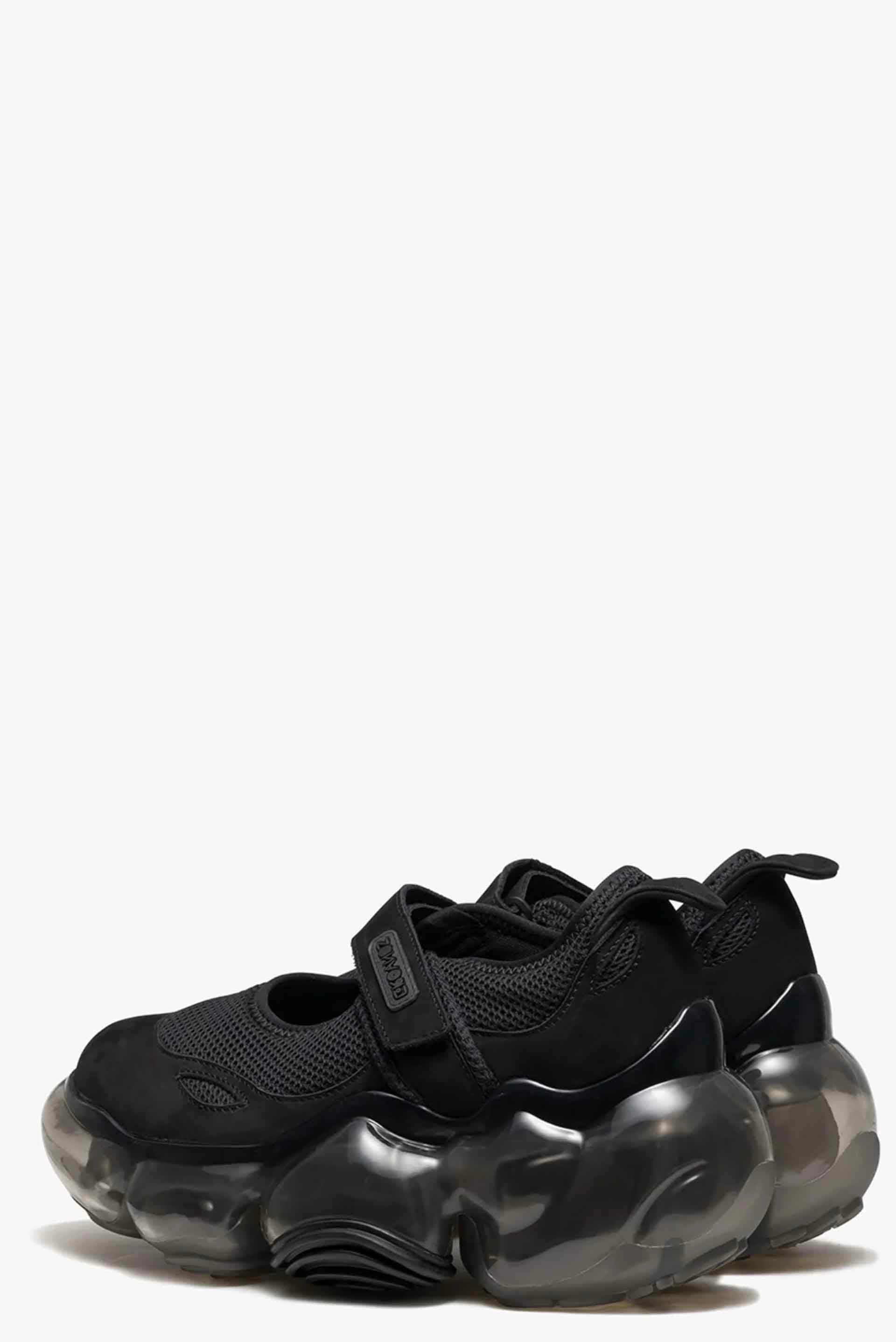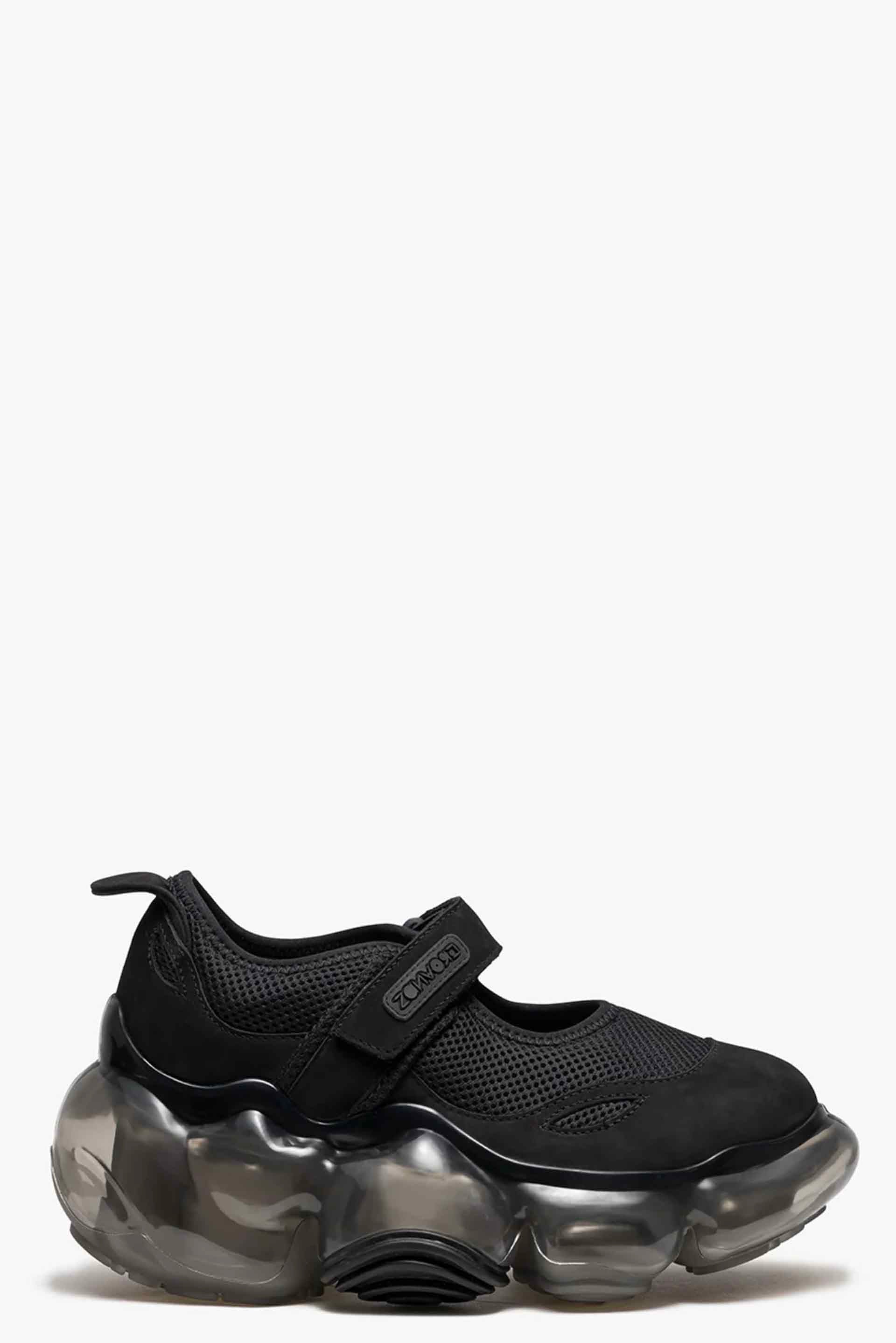 Grounds translates the pulse of Japanese youth into bold shoe design as seen with the Moopie Mary Jane Black Black. Footwear that looks as if you have stepped on something huge and gel-like. The outsole, which is supposed to be sturdy to support the entire body, is deliberately made to look fluid and soft, a design that tickles the playful spirit. The rubber parts on the outside add an accent to the design. The upper has a delicate finish in contrast to the voluminous soles. The sharp shape, the nape of the foot, and the gentle slope from the toe to the heel give the impression of an elegant and slender style that is not found in existing sneakers. The upper is a Mary Jane made of a combination of different materials.
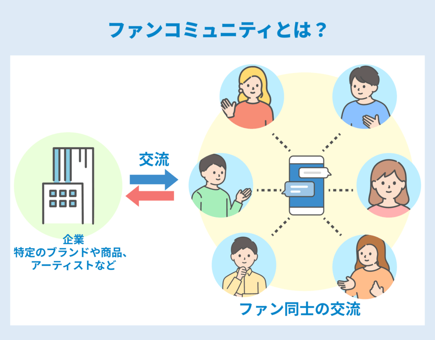 ファンコミュニティとは、特定のブランド・商品を提供する企業やアーティストがそのファンと双方向で交流したり、ファン同士が集まって相互に交流を深めたりする場のことです。
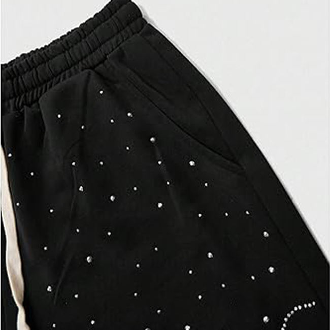 คำสำคัญ:กางเกงวอร์มขากว้างประดับเพชรสำหรับผู้ชาย พร้อมโลโก้สั่งทำพิเศษ สไตล์สตรีทแวร์
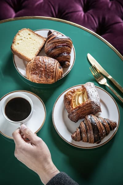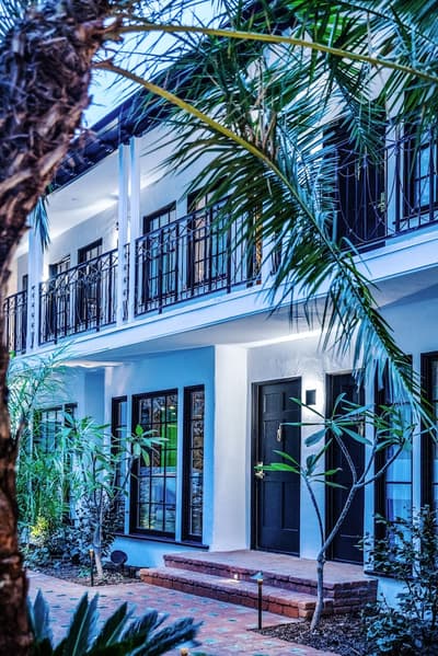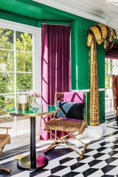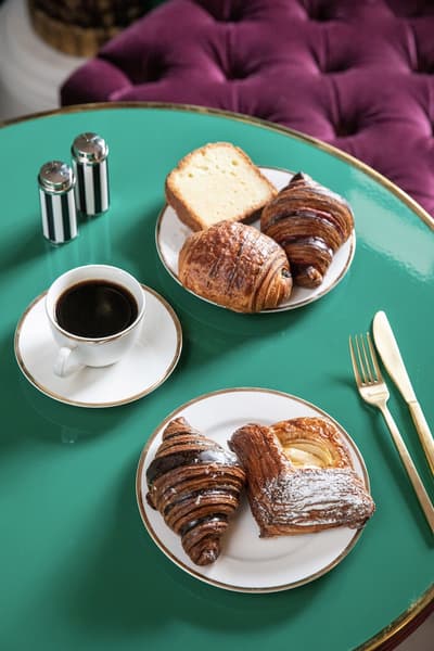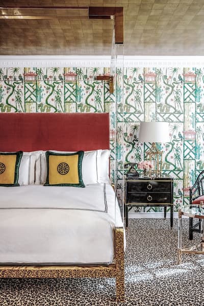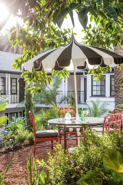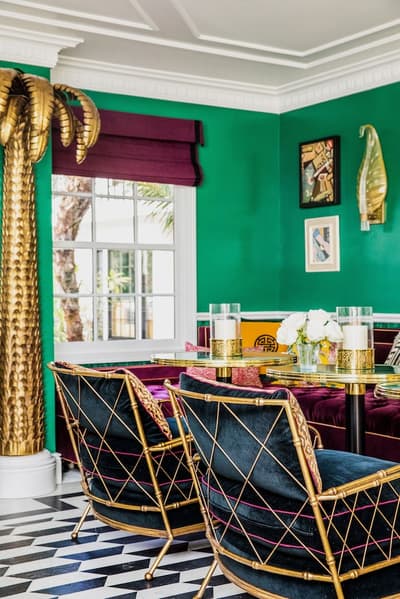 Envie de remonter le temps pour plonger dans l’âge d’or hollywoodien ? Bienvenue au Prospect ! Niché dans le quartier de Whitley Heights où résidaient entre autres Marlene Dietrich ou Gloria Swanson, ce boutique-hôtel de luxe est installé dans une propriété de style Régence des années 30. Le bâtiment de trois étages a été entièrement réhabilité pour retrouver le faste des somptueuses résidences des stars. Pour ce faire, les propriétaires ont fait appel au célèbre designer britannique Martyn Lawrence Bullard, qui compte Elton John et la famille Kardashian parmi ses clients. Au premier coup d’œil, la façade noire et blanche et ses auvents rayés peuvent vous sembler classiques. A l’intérieur, c’est tout sauf classique ! Dès que vous avez passé la porte, le hall décline le chic en version maximaliste. Votre regard est happé par les murs vert émeraude, les palmiers dorés, les formes géométriques au sol et les tableaux d’inspiration cubiste. Dans un coin, un bar élégant et des banquettes en velours rose foncé délimitent un espace un peu plus décontracté. Dans la cour extérieure, un jardin plus paisible à la végétation luxuriante. Quelques tables et des parasols pour savourer votre petit-déjeuner dans la fraicheur du matin. Un véritable havre de paix avec fontaine et même cheminée. La déco de chacune des suites est thématisée autour d’une star avec photos et affiches. Vous êtes plutôt Marylin Monroe ou Steve McQueen ?

::::::::

*WHAT YOU WILL DO*: Could you give the listing again exactly, minus its pictures?

*EXPECTED ANSWER*:
 Grounds translates the pulse of Japanese youth into bold shoe design as seen with the Moopie Mary Jane Black Black. Footwear that looks as if you have stepped on something huge and gel-like. The outsole, which is supposed to be sturdy to support the entire body, is deliberately made to look fluid and soft, a design that tickles the playful spirit. The rubber parts on the outside add an accent to the design. The upper has a delicate finish in contrast to the voluminous soles. The sharp shape, the nape of the foot, and the gentle slope from the toe to the heel give the impression of an elegant and slender style that is not found in existing sneakers. The upper is a Mary Jane made of a combination of different materials.
 ファンコミュニティとは、特定のブランド・商品を提供する企業やアーティストがそのファンと双方向で交流したり、ファン同士が集まって相互に交流を深めたりする場のことです。
 คำสำคัญ:กางเกงวอร์มขากว้างประดับเพชรสำหรับผู้ชาย พร้อมโลโก้สั่งทำพิเศษ สไตล์สตรีทแวร์
 Envie de remonter le temps pour plonger dans l’âge d’or hollywoodien ? Bienvenue au Prospect ! Niché dans le quartier de Whitley Heights où résidaient entre autres Marlene Dietrich ou Gloria Swanson, ce boutique-hôtel de luxe est installé dans une propriété de style Régence des années 30. Le bâtiment de trois étages a été entièrement réhabilité pour retrouver le faste des somptueuses résidences des stars. Pour ce faire, les propriétaires ont fait appel au célèbre designer britannique Martyn Lawrence Bullard, qui compte Elton John et la famille Kardashian parmi ses clients. Au premier coup d’œil, la façade noire et blanche et ses auvents rayés peuvent vous sembler classiques. A l’intérieur, c’est tout sauf classique ! Dès que vous avez passé la porte, le hall décline le chic en version maximaliste. Votre regard est happé par les murs vert émeraude, les palmiers dorés, les formes géométriques au sol et les tableaux d’inspiration cubiste. Dans un coin, un bar élégant et des banquettes en velours rose foncé délimitent un espace un peu plus décontracté. Dans la cour extérieure, un jardin plus paisible à la végétation luxuriante. Quelques tables et des parasols pour savourer votre petit-déjeuner dans la fraicheur du matin. Un véritable havre de paix avec fontaine et même cheminée. La déco de chacune des suites est thématisée autour d’une star avec photos et affiches. Vous êtes plutôt Marylin Monroe ou Steve McQueen ?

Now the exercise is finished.